Religion Today

Thursday, May 15, 2008

An Evangelical Vision of the Near Future

It has become common in the media to use the term “Evangelical Christianity” as an equivalent of the “religious right,” by which it means the portion of American Christians that support the policies and actions of the Republican Party. In many ways, this is apparently true: a third of GOP members are Conservative Christians; James Dobson, the leader of Focus on the Family, revels in his access to the Whitehouse; and President Bush regularly sends video greetings to the annual meetings of the Southern Baptist Convention.

In response to this situation, an alliance of Evangelical leaders has released an “Evangelical Manifesto” that calls for a more centrist and flexible position for Evangelicalism, one in which Evangelical is defined in theological rather than political terms, where adherence to Christianity does not also require support of a political party. This manifesto (http://www.evangelicalmanifesto.com) has been signed by a wide range of Evangelical leaders and they invite others to read it and sign it if they wish. Some of the over 100 signatories include Mark Bailey, the President of Dallas Theological Seminary; Dean Hirsch, President of World Vision International; Walter Kaiser, President Emeritus of Gordon-Conwell Theological Seminary; Jim Wallis, founder of Sojourner Magazine; and Frank Wright, President of the National Religious Broadcasters. Since Evangelicalism is a movement rather than an organization, acceptance of the document is voluntary rather than coercive.

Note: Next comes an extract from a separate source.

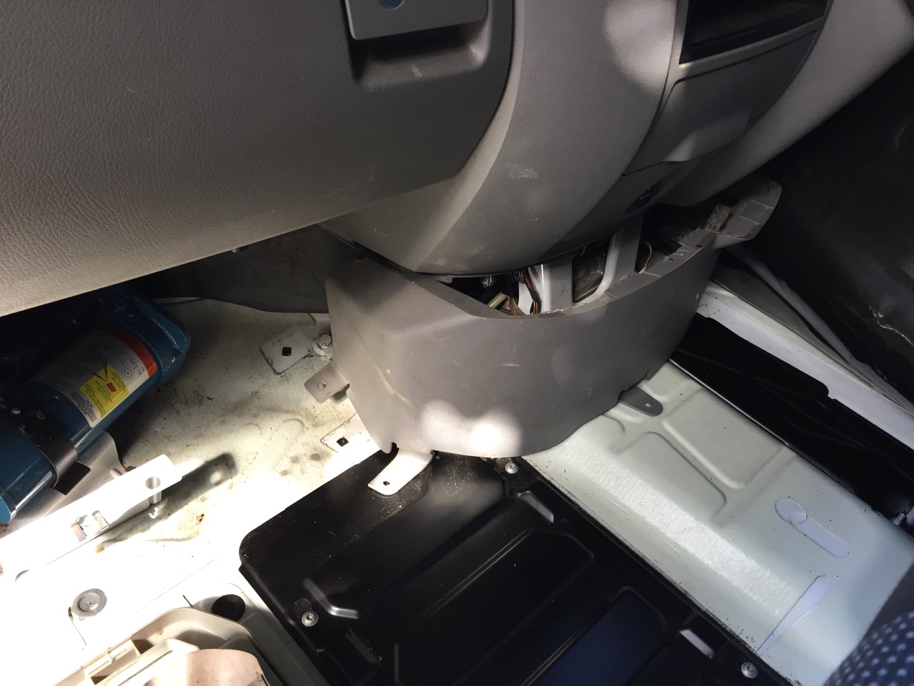 Unscrew the four screws holding the lower console casing in place. You’ll need to lift up the heavy floor mats to reach this. Slide the casing horizontally towards the seats.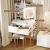 - 3-Color LED Light: Equipped with a mirror featuring adjustable LED lights with 3 brightness modes (cool white, natural light, warm yellow) for optimal lighting, the vanity set customizes the lighting to suit your makeup needs. Short press to turn on the light, long press to adjust the brightness

Without ever saying it in so many words, the Manifesto is heavily critical of Evangelical representatives involved in politics. This is made clear by its comparison between Constantine and Jesus, an analogy that most press reports missed. In the Manifesto’s view, when the Roman Emperor Constantine created the Christian Church in 324 by organizing and funding the disparate Christian communities throughout the Empire, and by bringing them together for the first time at the Council of Nicea, he joined the Church with the state. In so doing, he established Christianity as the one religion supported by the Roman Empire. Although this picture smoothes over many details, it is true that the Empire helped Christianity become its dominant and ultimately its only fully legal religion, using force to exterminate paganism.

The Manifesto argues that Evangelicals should not ally themselves with the state and its power, as the church did in the time of Constantine, but should instead follow the example of Jesus, who participated in his society simply as an equal. He taught and debated those around him on an even footing and spread his message with the same means available to others, even subjecting himself to the ruling authorities.

In modern America, the equivalent is the “civil public square,” which the Manifesto sees as the place where all citizens have an equal voice. It is not a “sacred square” where (certain) religious voices predominate, nor is it a “naked square” where secular voices stand privileged. Rather than seeking special rights for Evangelicals, the Manifesto sees the Christian message as special, not its adherents. “Thus every right we assert for ourselves is at once a right we defend for others. A right for a Christian is a right for a Jew, and a right for a secularist, and a right for a Mormon, and a right for a Muslim, and a right for a Scientologist, and [a] right for all the believers in all the faiths across the wide land.”

But this is not the Manifesto’s largest concern. “We are also troubled by the fact that the advance of globalization and the emergence of a global public square finds no matching vision of how we are to live freely, justly, and peacefully with our deepest differences on the global stage.” The future will intensify the “challenges of living with our deepest differences,” namely, the religious differences of people around the world. The Manifesto raises this as humanity’s greatest concern, one which must be faced by everyone, not just Christians. While it offers no vision to overcome, it suggests to the Evangelical community that it must change, approaching the future with the humility borne of equality and egalitarianism rather than striving for political dominance. The coercion that comes from such dominance, it argues, “leads inevitably to conflict.”